It used to be the number of performance SUVs could be counted on three fingers, with the X5 4.6is and Mercedes-Benz's M and G-Class AMG models making up the entire segment. Now, Porsche, Volkswagen, Infiniti, and others are joining the party.

BMW's midlife update for the X5 is a good response: more horsepower, better fuel economy, six forward-gear ratios, smarter traction management, and some interesting load-carrying options.

Although the engine is the same size as the previous 4.4-liter V-8, the new version includes updated variable cam timing and variable-length air-intake runners for better response. The obvious benefits are 25 more horsepower and an almost 15-percent improvement in EPA fuel economy numbers (from 14/18 to 16/22). The overall feel of the 4900-pound X5 is noticeably lighter than the previous setup.

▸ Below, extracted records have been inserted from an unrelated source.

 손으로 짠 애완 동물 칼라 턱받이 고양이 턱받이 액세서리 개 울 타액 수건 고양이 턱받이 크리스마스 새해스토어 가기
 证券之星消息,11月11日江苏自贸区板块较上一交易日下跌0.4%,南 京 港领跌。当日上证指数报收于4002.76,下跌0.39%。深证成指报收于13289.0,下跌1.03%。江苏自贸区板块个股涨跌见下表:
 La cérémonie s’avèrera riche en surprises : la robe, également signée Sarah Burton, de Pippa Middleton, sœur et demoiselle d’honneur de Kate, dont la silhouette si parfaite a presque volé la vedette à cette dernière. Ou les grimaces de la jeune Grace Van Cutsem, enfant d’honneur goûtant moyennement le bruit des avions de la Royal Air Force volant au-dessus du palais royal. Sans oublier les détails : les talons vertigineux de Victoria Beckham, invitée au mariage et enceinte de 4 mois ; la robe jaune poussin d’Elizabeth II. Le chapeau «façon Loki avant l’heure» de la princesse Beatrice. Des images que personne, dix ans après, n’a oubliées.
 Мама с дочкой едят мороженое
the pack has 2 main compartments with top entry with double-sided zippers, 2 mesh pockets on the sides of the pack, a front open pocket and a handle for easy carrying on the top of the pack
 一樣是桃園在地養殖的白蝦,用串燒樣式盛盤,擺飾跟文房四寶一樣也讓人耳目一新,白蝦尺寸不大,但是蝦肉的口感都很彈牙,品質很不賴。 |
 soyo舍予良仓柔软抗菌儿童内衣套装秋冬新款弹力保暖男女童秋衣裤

Another significant upgrade is in the relatively transparent technology of the new AWD system. Utilizing an electronically controlled wet-clutch and several yaw, speed, and steering sensors, it has more intelligence, which helps it more accurately assess where the proper amounts of torque need to be applied. The system now (almost) seamlessly adjusts braking or power shutdown during understeer or oversteer situations.

The X5 will continue to be offered with the base 3.0-liter I-6 engine, backed by a six-speed manual or five-speed Steptronic automatic trans. The new six-speed automatic is standard on V-8 models. For those looking for more horsepower, a new high-output 4.8-liter Valvetronic V-8 will be out in late summer--packing close to 400 horsepower.